Overview
Collaboration¶
Collaboration is essential in data science because it allows individuals with different perspectives and backgrounds to work together to solve complex problems and generate new insights. In data science, collaboration can involve working with individuals from diverse fields such as mathematics, computer science, and business, as well as subject matter experts who have deep knowledge of a particular industry or domain.
There are many ways collaborate on the AAW. Which is best for your situation depends on what you're sharing and how many people you want to share with. Content to be shared breaks roughly into Data, Code, or Compute Environments (e.g.: sharing the same virtual machines) and who you want to share it with (No one, My Team, or Everyone). This leads to the following table of options
Private | Team | StatCan | |
---|---|---|---|
Code | GitLab/GitHub or personal folder | GitLab/GitHub or team folder | GitLab/GitHub |
Data | Personal folder or bucket | Team folder or bucket, or shared namespace | Shared Bucket |
Compute | Personal namespace | Shared namespace | N/A |
Sharing code, disks, and workspaces (e.g.: two people sharing the same virtual machine) is described in more detail below. Sharing data through buckets is described in more detail in the Azure Blob Storage section.
What is the difference between a bucket and a folder?
Buckets are like Network Storage. See the Storage overview for more discussion of the differences between these two ideas.
Choosing the best way to share code, data, and compute all involve different factors, but you can generally mix and match (share code with your team through Github, but store your data privately in a personal bucket). These cases are described more in the below sections.

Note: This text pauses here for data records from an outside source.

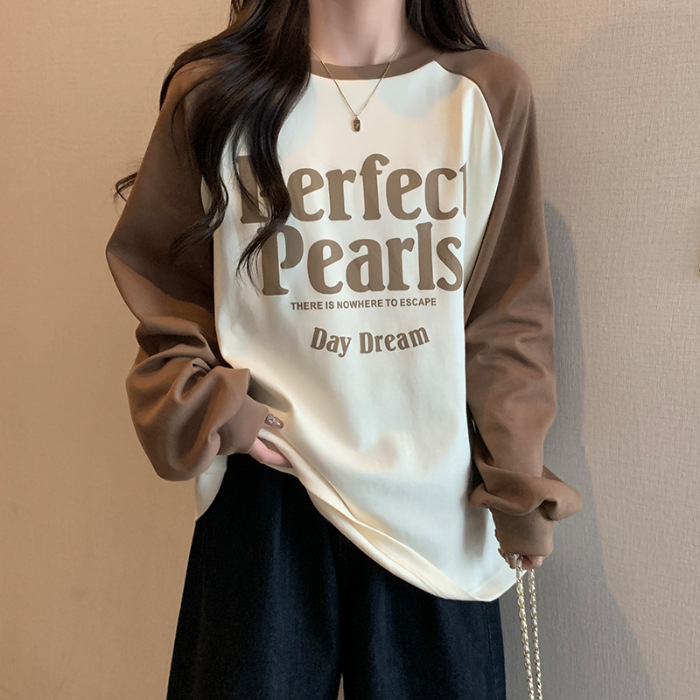 봄과 가을 독일 벨벳 따뜻한 대비 색상 긴팔 스웨터 여성용 틈새 디자인 감각 느슨한 슬리밍 티셔츠베이스 셔츠 탑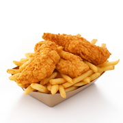 Juicy and delicious chicken tenders (2 pieces), golden crispy fries, choice sauce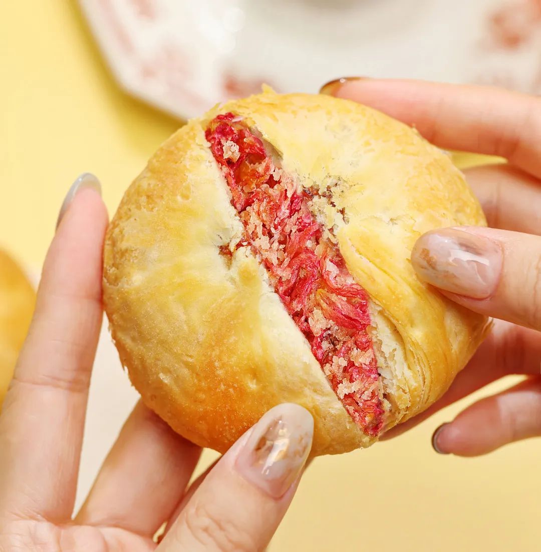 咬一口酥脆的玫瑰鲜花饼,满口沁人心脾的芳香,就像千万朵玫瑰在嘴中盛开,即便是吃完之后依然觉得嘴里弥漫着那股清新香甜,仿佛要在唇齿间绽放出一朵玫瑰花来~~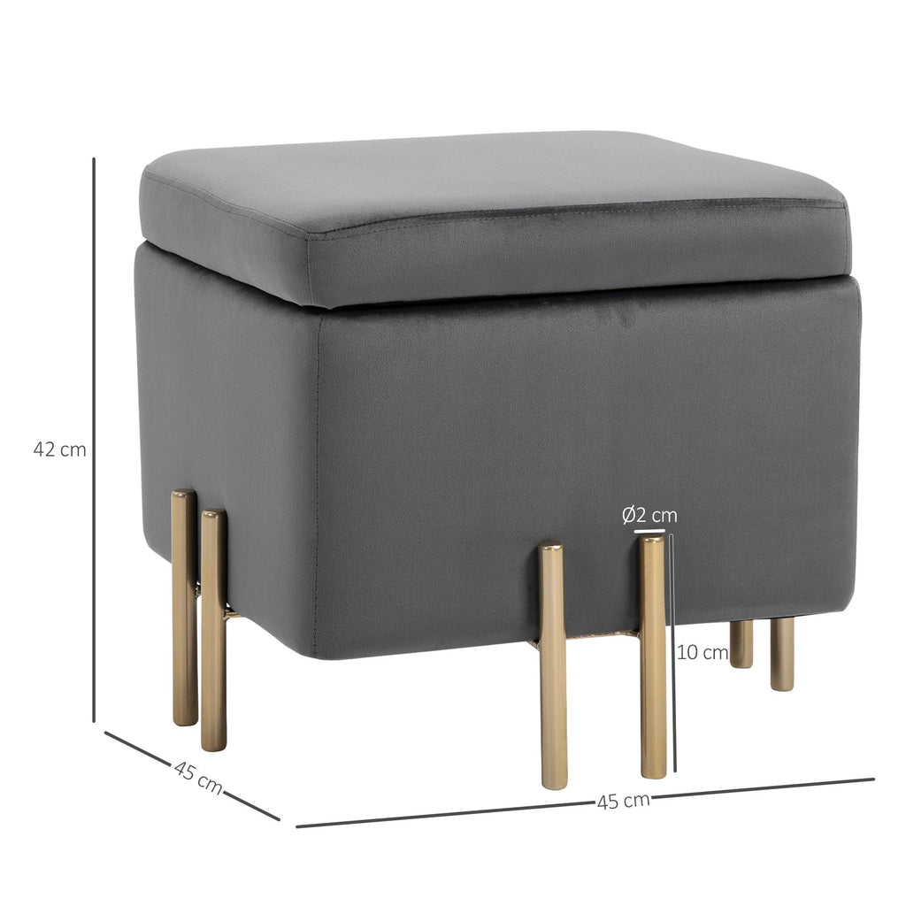 Pouf Poggiapiedi in Tessuto Poliestere 45x45x42 cm Grigio Scuro

Share code among team members¶
In most cases, it is easiest to share code using GitHub or GitLab to share code. The advantage of sharing with GitHub or GitLab is that it works with users across namespaces, and keeping code in git is a great way to manage large software projects.
Don't forget to include a License!
If your code is public, do not forget to keep with the Innovation Team's guidelines and use a proper License if your work is done for Statistics Canada.
If you need to share code without publishing it on a repository, sharing a namespace might work as well.
Share compute (namespace) in Kubeflow¶
Sharing a namespace means you share everything in the namespace
Kubeflow does not support granular sharing of one resource (one notebook, one volume, etc.), but instead sharing of all resources. If you want to share a Jupyter Notebook server with someone, you must share your entire namespace and they will have access to all other resources (Azure Blob Storage, etc.).
In Kubeflow every user has a namespace that contains their work (their notebook servers, pipelines, disks, etc.). Your namespace belongs to you, but can be shared if you want to collaborate with others. You can also request a new namespace (either for yourself or to share with a team). One option for collaboration is to share namespaces with others.
The advantage of sharing a Kubeflow namespace is that it lets you and your colleagues share the compute environment and volumes associated with the namespace. This makes it a very easy and free-form way to share.
To share your namespace, see managing contributors
Ask for help in production
The Advanced Analytics Workspace support staff are happy to help with production oriented use cases, and we can probably save you lots of time. Don't be shy about asking us for help!
Share data¶
Once you have a shared namespace, you have two shared storage approaches
Storage Option | Benefits |
---|---|
Shared Jupyter Servers/Workspaces | More amenable to small files, notebooks, and little experiments. |
Shared Buckets (see Storage) | Better suited for use in pipelines, APIs, and for large files. |
To learn more about the technology behind these, check out the Storage overview.
Sharing with the world¶
Ask about that one in our Slack channel. There are many ways to do this from the IT side, but it's important for it to go through proper processes, so this is not done in a "self-serve" way that the others are. That said, it is totally possible.
Managing contributors¶
You can add or remove people from a namespace you already own through the Manage Contributors menu in Kubeflow.
Now you and your colleagues can share access to a server!
Try it out!